ARTIGO

Assinaturas de revistas

Dori Boucault

Uma editora deve se abster de vender assinaturas de revistas em locais de circulação pública. Liminar é do juiz de Direito Christopher Alexander Roisin, da 11ª vara Cível de São Paulo, que considerou abusivas práticas na abordagem de possíveis clientes pelos vendedores.

O Ministério Público/SP alegou que os vendedores de assinatura da editora abordam pessoas em locais de circulação pública, como aeroportos, supermercados, rodoviárias, entre outros. A abordagem se dava de forma abrupta e insistente, sendo que os vendedores se utilizavam de argumentos falsos para atrair consumidores, incluindo afirmações de que os valores da compra de assinatura seriam destinados a hospitais de câncer e de que a assinatura das revistas ocorreria sem custos.

O MP sustentou ainda que o preço informado aos consumidores era inferior àqueles lançados na transação realizada com o cartão de crédito deles, e informou que houve casos de pessoas que, mesmo tendo se recusado a assinar a revista, tiveram valores lançados em seus cartões de crédito.

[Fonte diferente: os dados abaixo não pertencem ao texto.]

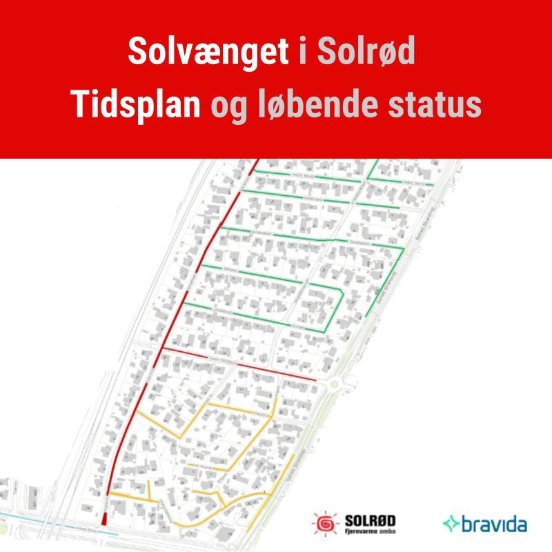 Klik på kortet til højre og se, hvornår vi kommer til din vej i Solvænget-kvarteret. På kortet kan du se, på hvilke veje vi har færdiggjort gravearbejdet og hvilke veje, der er projekteret til at påbegynde gravearbejdet med angivet måned og årstal.
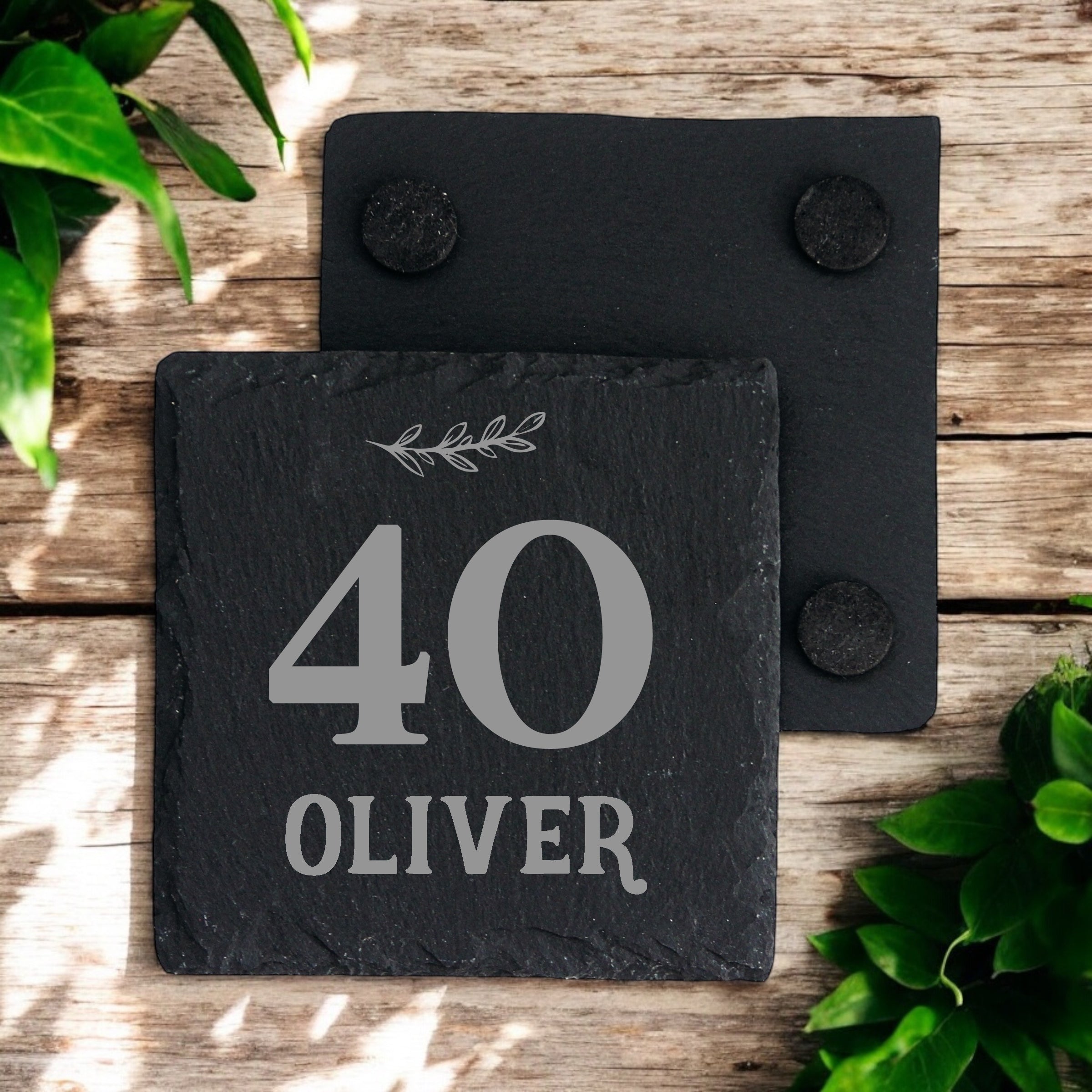 Personalised Elegant 40th Birthday Slate Stone Drink Coaster With any Name The slate measures 10cm and comes foam...

Ao analisar o caso, o juiz entendeu que, de acordo com as provas produzidas na investigação civil, a qual noticiou a atividade lesiva, nas práticas realizadas, o poder de barganha do consumidor é diminuto e a situação em que normalmente ele é abordado “o coloca em posição de risco”.

Para o magistrado, a qualificação jurídica da editora “como violadora de normas de Direito do Consumidor, está bem demonstrada, uma vez que a abordagem agressiva, a conversa enganosa dos representantes decorre das reclamações e depoimentos dos vários que se insurgiram contra tal prática”.

Assim, o juiz entendeu haver perigo na demora no caso e deferiu liminar para que a editora se abstenha das práticas abusivas. O magistrado determinou que a decisão seja válida como ofício aos Procons das 27 unidades da federação, a fim de que a fiscalização o cumprimento da ordem liminar se dê em todo o território nacional.

O julgador também arbitrou multa de R$ 2 mil por cada fato constatado e comprovado nos autos, limitada a R$ 2 milhões, em desfavor da editora. Processo: 1001216-09.2019.8.26.0100 (Fonte: Migalhas)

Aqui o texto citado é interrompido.